THE PROBLEM -
Extract the lines from the first one in the records below through the line containing "An illustration shows", keeping both ends and leaving out any pictures.

[Items listed in a dataset]
----------------------------------------
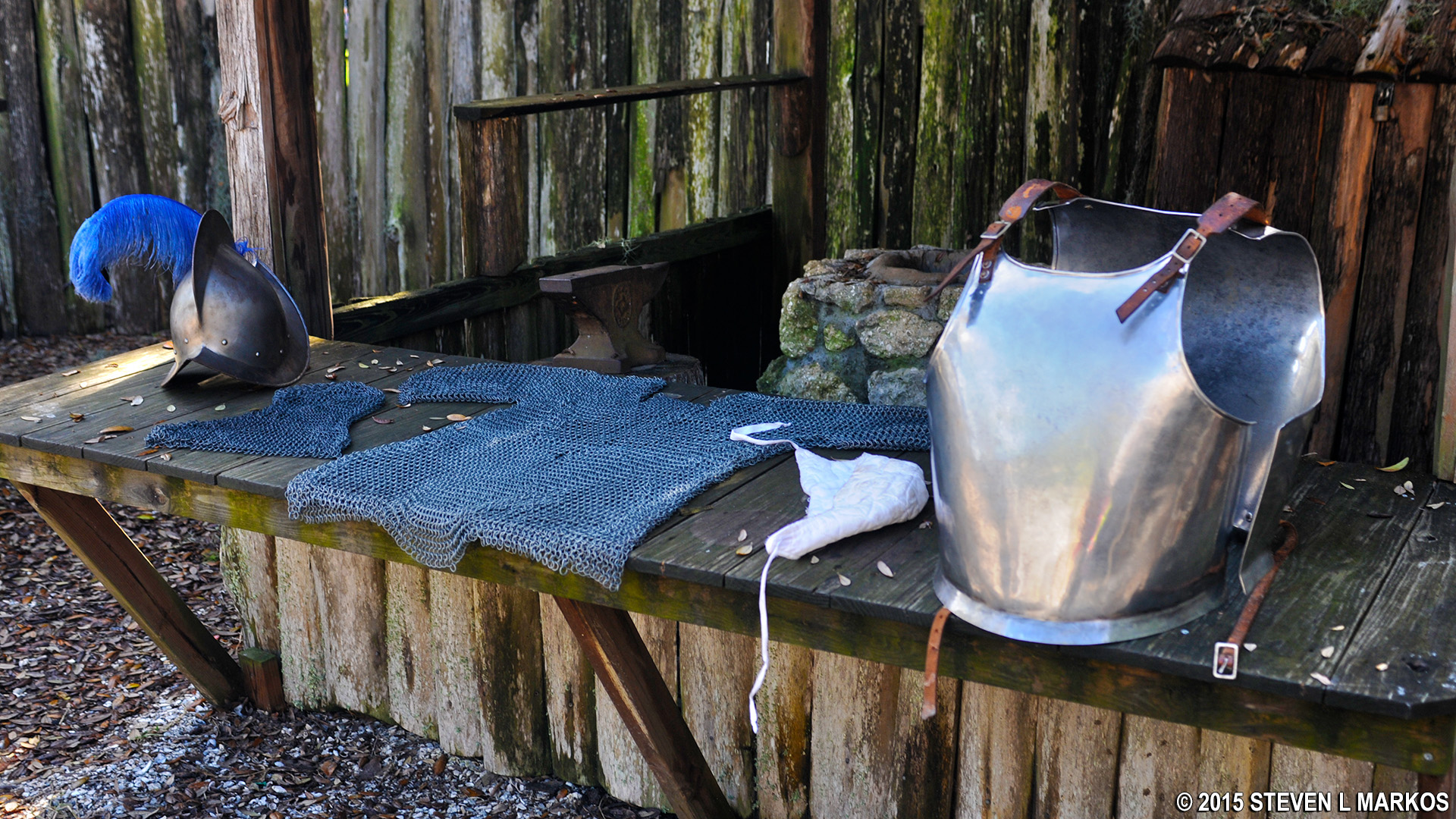 The camp now hosts 30-minute Living History demonstrations that are held Thursdays through Sundays at 10 AM, 11 AM, 1 PM, and 2 PM starting in December and running through mid-April. During the summer the weather gets too hot for outdoor activities on a daily basis. Park Rangers and volunteers dressed in period costume demonstrate such things as blacksmithing, native crafts and cooking techniques, and how to use the weapons of the 16th century. Different topics are covered at each demonstration. At other times you can walk around the village and talk with the Rangers and volunteers and even try on authentic Spanish armor. Keep in mind that times can always change, so before making travel plans be sure to visit the National Park Service’s official Operating Hours and Seasons web page for the De Soto National Memorial to get the latest schedule.
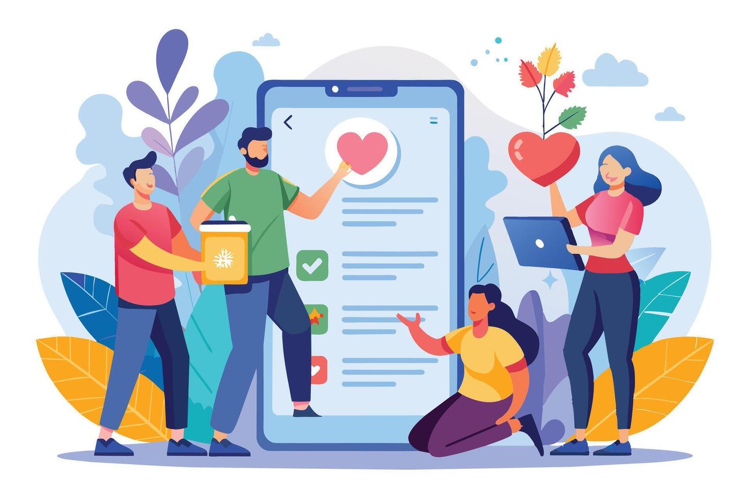 An illustration shows four people using a popular app on a large smartphone with a heart icon, animated and engaged in different ways. vector
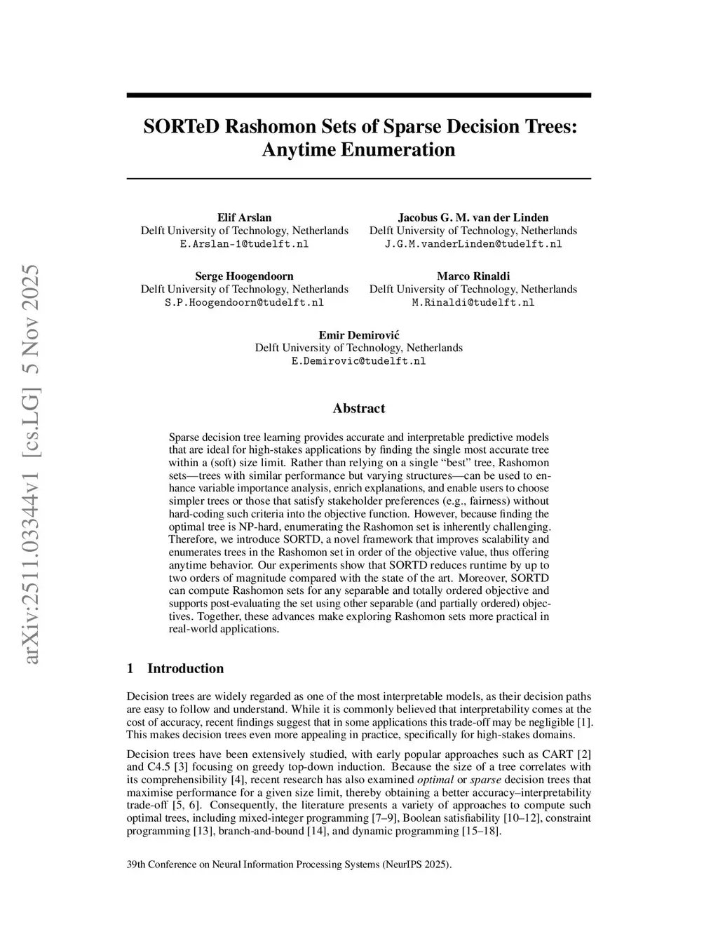 Sparse decision tree learning provides accurate and interpretable predictive models that are ideal for high-stakes applications by finding the single most accurate tree within a (soft) size limit. Rather than relying on a single "best" tree, Rashomon sets-trees with similar performance but varying structures-can be used to enhance variable importance analysis, enrich explanations, and enable users to choose simpler trees or those that satisfy stakeholder preferences (e.g., fairness) without hard-coding such criteria into the objective function. However, because finding the optimal tree is NP-hard, enumerating the Rashomon set is inherently challenging. Therefore, we introduce SORTD, a novel framework that improves scalability and enumerates trees in the Rashomon set in order of the objective value, thus offering anytime behavior. Our experiments show that SORTD reduces runtime by up to two orders of magnitude compared with the state of the art. Moreover, SORTD can compute Rashomon sets for any separable and totally ordered objective and supports post-evaluating the set using other separable (and partially ordered) objectives. Together, these advances make exploring Rashomon sets more practical in real-world applications.
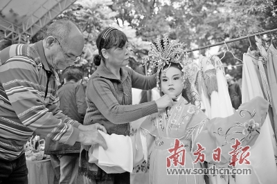 近日,华光诞活动的“粤玩·越有趣”互动体验环节中,工作人员帮助一个喜欢粤剧的小女孩穿上粤剧花旦演出服装。戴嘉信 摄
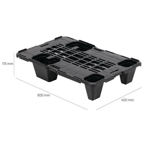 | Nome do artigo | Minipalete leve e encaixável reciclada, Carga estática máx.: 600 kg, N.º de entradas: 4, Largura: 400 mm |
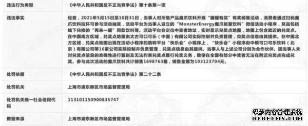相關決定書的“違法事實”顯示,2021年5月15日至10月31日,猛事特對所售產(chǎn)品魔爪飲料開展“罐罐有獎”有獎銷售活動,消費者通過掃碼魔爪飲料拉環(huán)可參與活動抽獎,活動平臺為猛事特飲料(上海)有限公司設立的“MonsterEnergy魔爪能量飲料”微信活動小程序,獎品包括線下兌換的“再來一罐”同款飲料等。
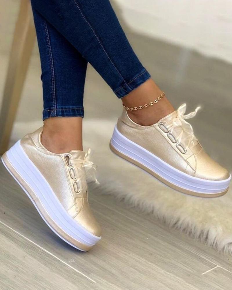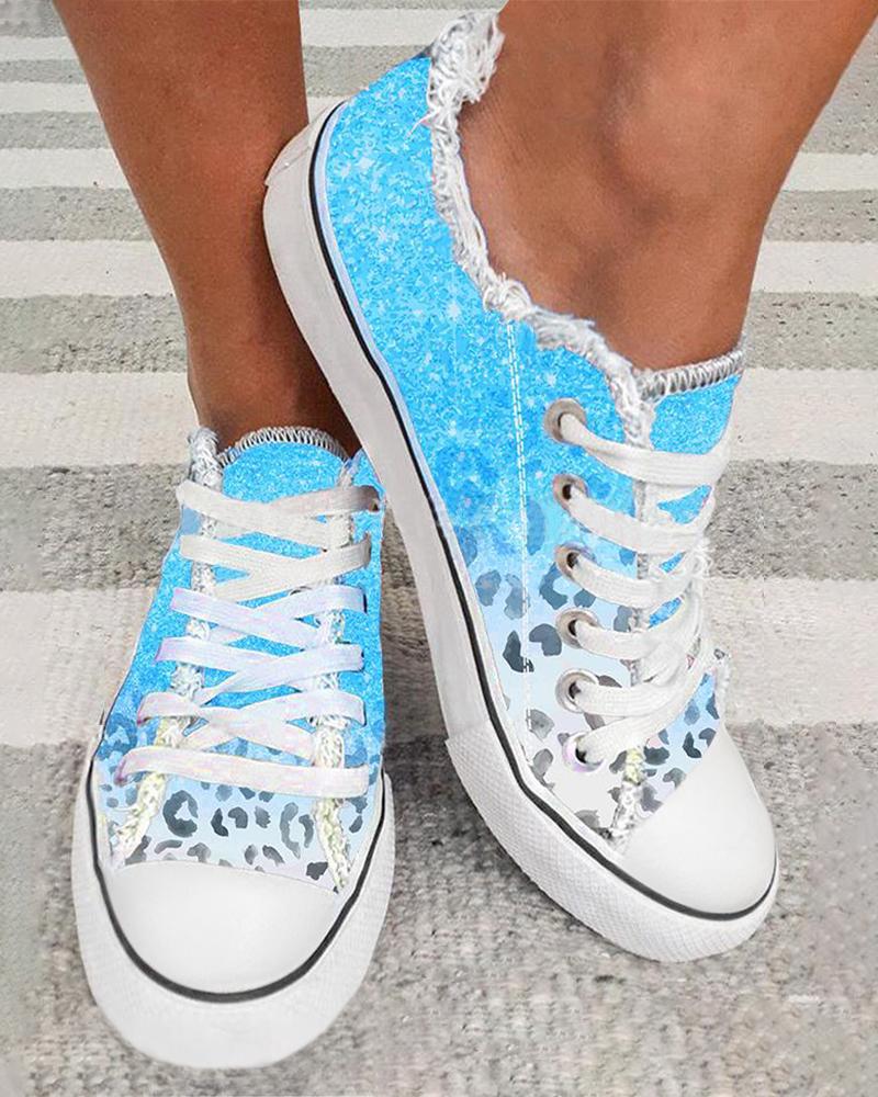 Glitter Lace-Up Star Pattern Casual Sneakers |
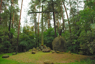 Vis dėlto pasienio keliu važiuojame, kol pasiekiame draudžiamus, grasinančius ženklus. Pasiekėme Karaliaučiaus srities pasienį. Šunkeliu išsukame į Lenkijos pusę. Labai purvinu keliu greitai pasiekiame trijų šalių sienų sankirtos ženklą.
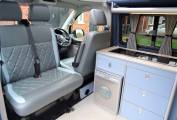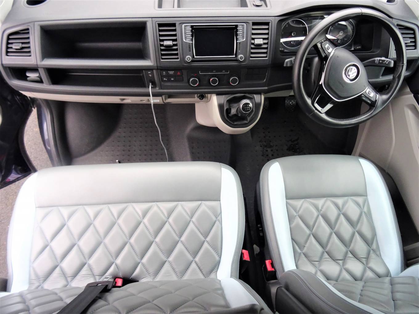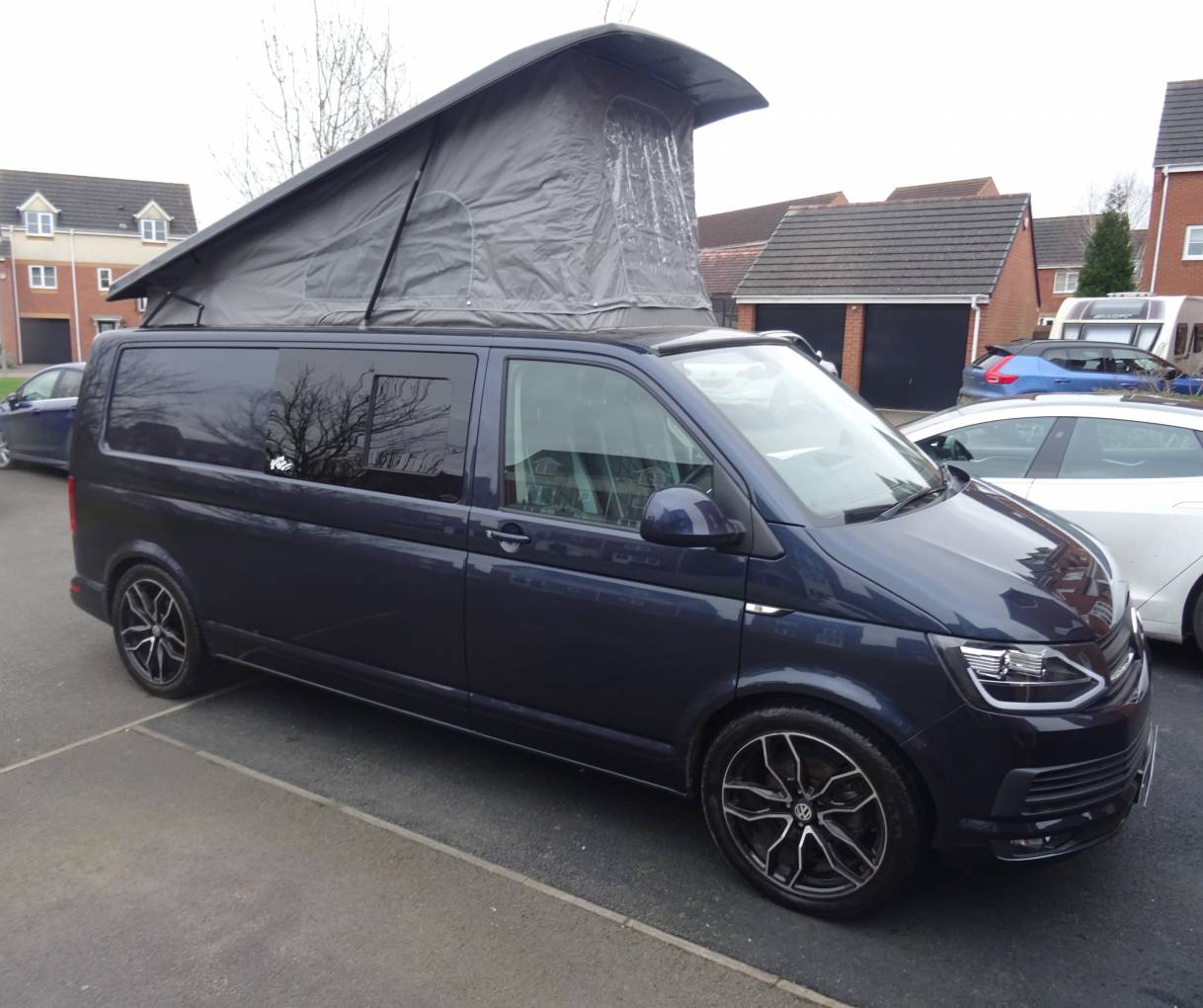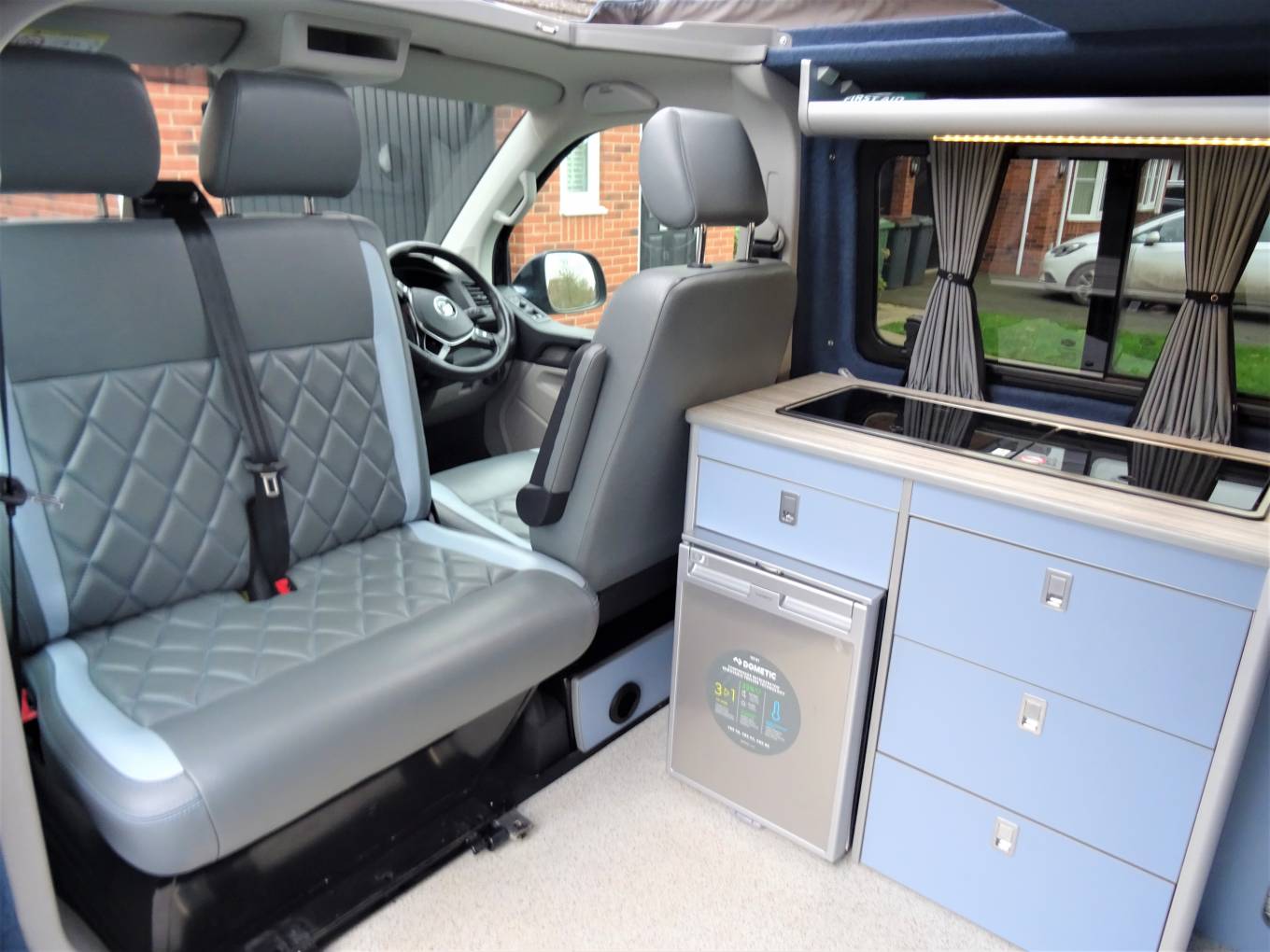 Features: Leather Seats, Cruise Control, DAB Media Pack, with Android Auto, Apple Car Play, Sat Nav, Bluetooth, USB Points, Cab Air Con, Electric Windows/Mirrors, Rear Parking Sensors, Reversing Camera, Ghost Immobilizer, Alarm, ABS, Traction Control, 150W Solar Panel, Auto Stops Sunset Pop Top, Alloy wheels, Upgraded Headlights, Spare Wheel, Removable Tow Bar Mounted Bike Rack. All in all a high quality, very well built and comfortable VW Campervan on the sought after LWB. Please contact Jan and Paul for more information and extra photos.
----------------------------------------
FINAL ANSWER -
 The camp now hosts 30-minute Living History demonstrations that are held Thursdays through Sundays at 10 AM, 11 AM, 1 PM, and 2 PM starting in December and running through mid-April. During the summer the weather gets too hot for outdoor activities on a daily basis. Park Rangers and volunteers dressed in period costume demonstrate such things as blacksmithing, native crafts and cooking techniques, and how to use the weapons of the 16th century. Different topics are covered at each demonstration. At other times you can walk around the village and talk with the Rangers and volunteers and even try on authentic Spanish armor. Keep in mind that times can always change, so before making travel plans be sure to visit the National Park Service’s official Operating Hours and Seasons web page for the De Soto National Memorial to get the latest schedule.
 An illustration shows four people using a popular app on a large smartphone with a heart icon, animated and engaged in different ways. vector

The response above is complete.